Para demonstrar o quilombo como uma forma de subversão contra o aparelho repressor do escravismo, o autor distribui o conteúdo em seis capítulos na obra aqui analisada. No primeiro deles – “Escravos, senhores e quilombolas”, são discutidas as particularidades da escravidão no Brasil, como a quantidade avulta de escravos transportados pelo tráfico negreiro, sua fixação e permanência em todo o território, o período de mais de 300 anos de escravidão e as formas diversificadas em que os escravos lutaram contra ela, como as fugas, as rebeliões e os quilombos. Essa última é vista como uma manifestação de luta de classes, já que escravocratas criaram formas violentas de domínio dos meios de produção, ancoradas no racismo, os escravos só conseguiriam livrar-se agindo de modo parecido.

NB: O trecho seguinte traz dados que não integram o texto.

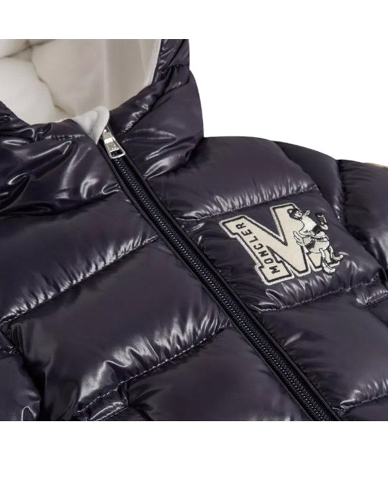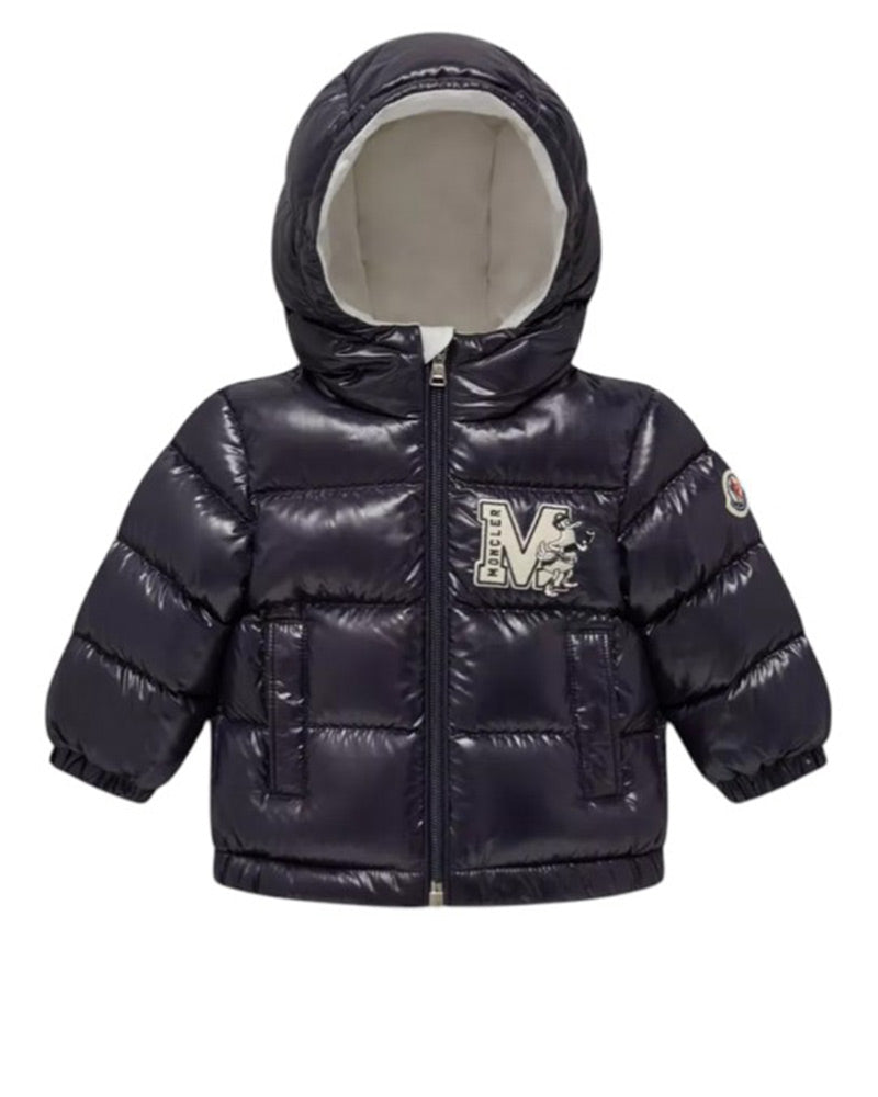 Quilted jacket in nylon laqué with fixed hood, zip fastening, welt pockets, elasticated cuffs, embroidered monogram.
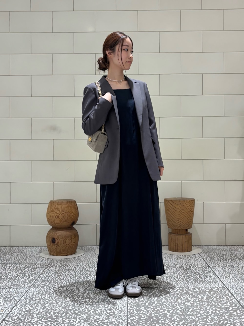 *ワンピース キュプラ混の2WAYワンピースです。テロッとした生地感とフレアな裾が動くたびに広がって可愛いです。 *アウター 軽くてサッと羽織れるフォーマルジャケットです。シワになりにくく、袖部分にはスリットチャックがありシーンに合わせて活躍してくれます。 *バック 上品な2WAYキルティングバッグです。日常使いに最適なサイズ感◎ *シューズ adidas SAMBA カジュアルにもフォーマルにも合わせやすい万能スニーカーです。 ご覧いただきありがとうございます!
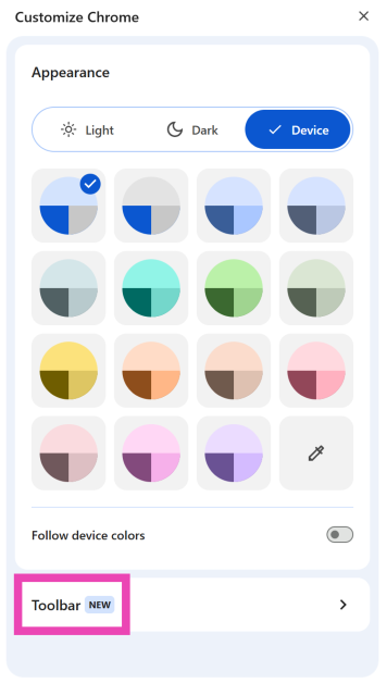 Klicken Sie auf die Ellipsen und gehen Sie zuWeitere Tools > Chrome anpassenund klicken Sie auf die Symbolleiste, um Änderungen daran vorzunehmen.
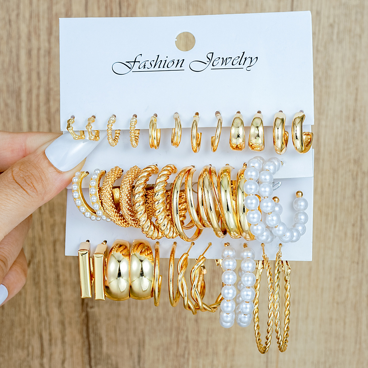 欧米の人気モデルのクロスボーダー幾何学真珠麻花イヤリング18点セットC型軽豪華気質女性イヤリングセット

Num primeiro momento do segundo capítulo – “O que eram os quilombos” –, o autor cita o conceito de quilombo dado pelo rei de Portugal em 1740 (“toda habitação de negros fugidos que passem de cinco, em parte despovoada, ainda que não tenham ranchos levantados e nem se achem pilões neles”) (p.21), chegando à seguinte conclusão: onde quer que tenha existido escravidão, houve essa forma de resistência que não foi um fenômeno presente apenas no Brasil, mas em diversos lugares da América como Haiti, Colômbia, Cuba, Jamaica e Peru. A partir daí, cita vários exemplos de quilombos fora do Brasil e formas utilizadas pelo aparelho repressor para enfrentar esse problema. Encerra afirmando que “somente através do espírito de rebeldia, da luta e da reelaboração de comunidades livres” os escravizados conseguiam sua reumanização, pois eram tratados como coisa ou animais.

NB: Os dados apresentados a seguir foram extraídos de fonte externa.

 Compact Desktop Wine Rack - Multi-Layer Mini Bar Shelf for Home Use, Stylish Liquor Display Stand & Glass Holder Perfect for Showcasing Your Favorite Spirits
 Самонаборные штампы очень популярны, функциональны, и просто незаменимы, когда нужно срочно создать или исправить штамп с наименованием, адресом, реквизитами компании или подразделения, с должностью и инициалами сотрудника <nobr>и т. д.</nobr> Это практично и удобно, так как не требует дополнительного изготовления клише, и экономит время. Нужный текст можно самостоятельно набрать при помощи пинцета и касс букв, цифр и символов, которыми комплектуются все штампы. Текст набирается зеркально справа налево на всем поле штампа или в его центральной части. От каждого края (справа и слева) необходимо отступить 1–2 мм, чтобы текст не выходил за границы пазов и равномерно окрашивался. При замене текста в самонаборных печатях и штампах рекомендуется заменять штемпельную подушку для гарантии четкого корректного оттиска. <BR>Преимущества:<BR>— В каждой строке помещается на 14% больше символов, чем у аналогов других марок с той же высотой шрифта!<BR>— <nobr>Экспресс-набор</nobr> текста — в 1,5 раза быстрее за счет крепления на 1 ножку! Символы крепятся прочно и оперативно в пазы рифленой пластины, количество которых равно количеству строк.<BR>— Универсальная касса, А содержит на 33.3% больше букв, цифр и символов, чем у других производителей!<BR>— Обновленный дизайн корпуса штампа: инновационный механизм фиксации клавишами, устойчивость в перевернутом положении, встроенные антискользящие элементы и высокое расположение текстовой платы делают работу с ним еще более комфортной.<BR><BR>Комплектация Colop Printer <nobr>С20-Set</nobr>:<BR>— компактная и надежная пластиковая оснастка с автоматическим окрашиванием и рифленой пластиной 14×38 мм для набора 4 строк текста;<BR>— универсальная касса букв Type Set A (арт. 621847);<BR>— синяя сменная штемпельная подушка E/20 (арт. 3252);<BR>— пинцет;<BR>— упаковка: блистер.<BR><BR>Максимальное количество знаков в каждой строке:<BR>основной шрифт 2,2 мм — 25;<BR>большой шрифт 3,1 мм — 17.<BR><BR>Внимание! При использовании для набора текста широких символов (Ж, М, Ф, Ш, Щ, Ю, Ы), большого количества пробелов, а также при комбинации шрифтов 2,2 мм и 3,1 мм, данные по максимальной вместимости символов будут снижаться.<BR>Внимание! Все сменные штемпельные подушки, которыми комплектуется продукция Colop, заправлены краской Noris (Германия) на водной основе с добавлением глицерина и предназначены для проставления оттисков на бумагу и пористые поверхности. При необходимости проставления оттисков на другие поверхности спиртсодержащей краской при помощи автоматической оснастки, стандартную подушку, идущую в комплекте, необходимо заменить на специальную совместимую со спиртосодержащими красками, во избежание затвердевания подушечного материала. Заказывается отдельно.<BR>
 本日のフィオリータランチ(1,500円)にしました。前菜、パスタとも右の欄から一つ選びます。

No capítulo III – “A sublevação quilombola contra o aparelho repressor” –, a ideia é enfatizar a conclusão do tópico anterior, ou seja, apenas através de mecanismos muito parecidos com os utilizados pelo aparelho repressor, o escravo conseguiria combatê-lo. Para tal, deveria se rebelar e usar de violência contra a ideologia e as práticas daqueles que o desumanizava como ser. O articulista classifica e explica algumas dessas práticas dos quilombos, como manter contato, alianças e negócios com segmentos ou grupos marginalizados da sociedade para adquirir ferramentas, armas e suprimentos. É através dessa articulação com outros grupos subalternos que (por interesse ou empatia) faziam chegar os elementos necessários para o desenvolvimento interno e defesa militar dos quilombos.

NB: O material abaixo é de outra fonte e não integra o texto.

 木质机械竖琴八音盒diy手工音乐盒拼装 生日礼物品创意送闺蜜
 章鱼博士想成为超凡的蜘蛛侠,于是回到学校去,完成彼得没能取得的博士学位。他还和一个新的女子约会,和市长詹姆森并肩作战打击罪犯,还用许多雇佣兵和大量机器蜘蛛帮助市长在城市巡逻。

O autor também aponta duas características da quilombagem: a sua continuidade histórica e expansão geográfica. Do século XVI até as vésperas da abolição da escravidão a quilombagem é registrada, bem como os relatos em todas as regiões do país, mesmo naquelas em que a densidade demográfica de escravos era pequena. O autor assevera “a existência de um sistema escravista de âmbito nacional” e a “a participação do escravo rebelde, no sentido de querer extinguir esse sistema por ser o agente histórico e social no qual a contradição fundamental do escravismo se manifesta mais agudamente” (p.49).

“Como se organizavam os quilombos é o título do quarto capítulo”. Aqui, o autor se utiliza da tipologia produzida por Décio Freitas para ilustrar a diversidade de organização dos quilombos que, segundo ele, reproduziam internamente o tipo de economia da área na qual estavam localizados. Existiam os quilombos agrícolas, os extrativistas, os mercantis, os mineradores, os pastoris, os de serviços e os predatórios. A organização econômica do quilombo, ao mesmo tempo em que reproduzia a economia da área ao qual estava localizado, contrastava com a economia monocultora das plantations, pois era baseada na policultura e comunitária. A organização política tinha como principal preocupação economia-defesa, já que os líderes deveriam garantir a produção para consumo e subsistência e evitar invasões ou destruição dos quilombos. “O quilombo era o refúgio de muitos elementos marginalizados da sociedade escravista, independentemente da sua cor. Era o exemplo da democracia racial de que tanto se fala, mas nunca existiu no Brasil, fora das unidades quilombolas”, afirma preparando o leitor para a ideia do tópico seguinte. (p.58).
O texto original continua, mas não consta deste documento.